Hal tersebut dilakukan sesuai dengan implementasi Peraturan Menteri Energi & Sumber Daya Mineral (ESDM) No. 37 Tahun 2016 tentang Pengelolaan PI 10 persen. Penyertaan saham BBWM di PT Migas Hulu Jabar ONWJ dilakukan sejak tahun 2017.
Prananto mengatakan, dengan adanya Deviden dari MUJ ONWJ menambah pendapatan BBWM di luar pendapatan utama produk Kilang LPG.
“Bertambahnya pendapatan BBWM mempengaruhi laba perusahaan, sehingga dividen ke Pemberintah Daerah Kabupaten Bekasi juga mengalami kenaikan,” tambahnya.
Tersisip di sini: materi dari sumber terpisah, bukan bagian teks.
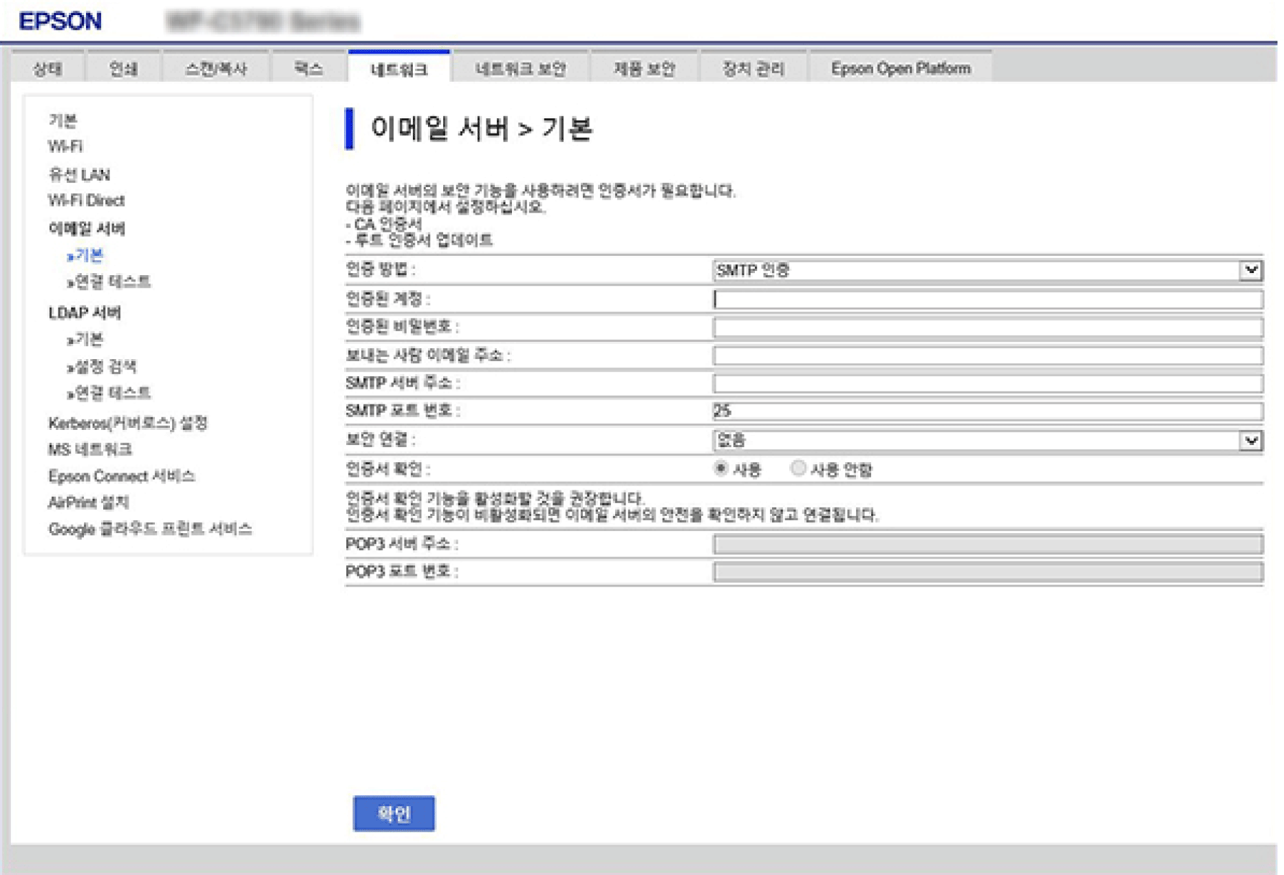 이메일 전송 시 SMTP 서버 (송신 메일 서버)에서 인증합니다. 메일 서버가 SMTP 인증을 지원해야 합니다. |

Dia juga menjelaskan penerimaan bagi hasil dari PT Migas Hulu Jabar/MUJ ONWJ dimulai pada tahun 2019. Penerimaan bagi hasil dari MUJ ONWJ dibukukan sebagai pendapatan BBWM.
“Jadi tidak langsung disetorkan ke Pemerintah Kabupaten Bekasi. Setoran ke Pemerintah Kabupaten Bekasi dalam bentuk Dividen/PAD dari laba bersih perusahaan,” tandasnya. (**)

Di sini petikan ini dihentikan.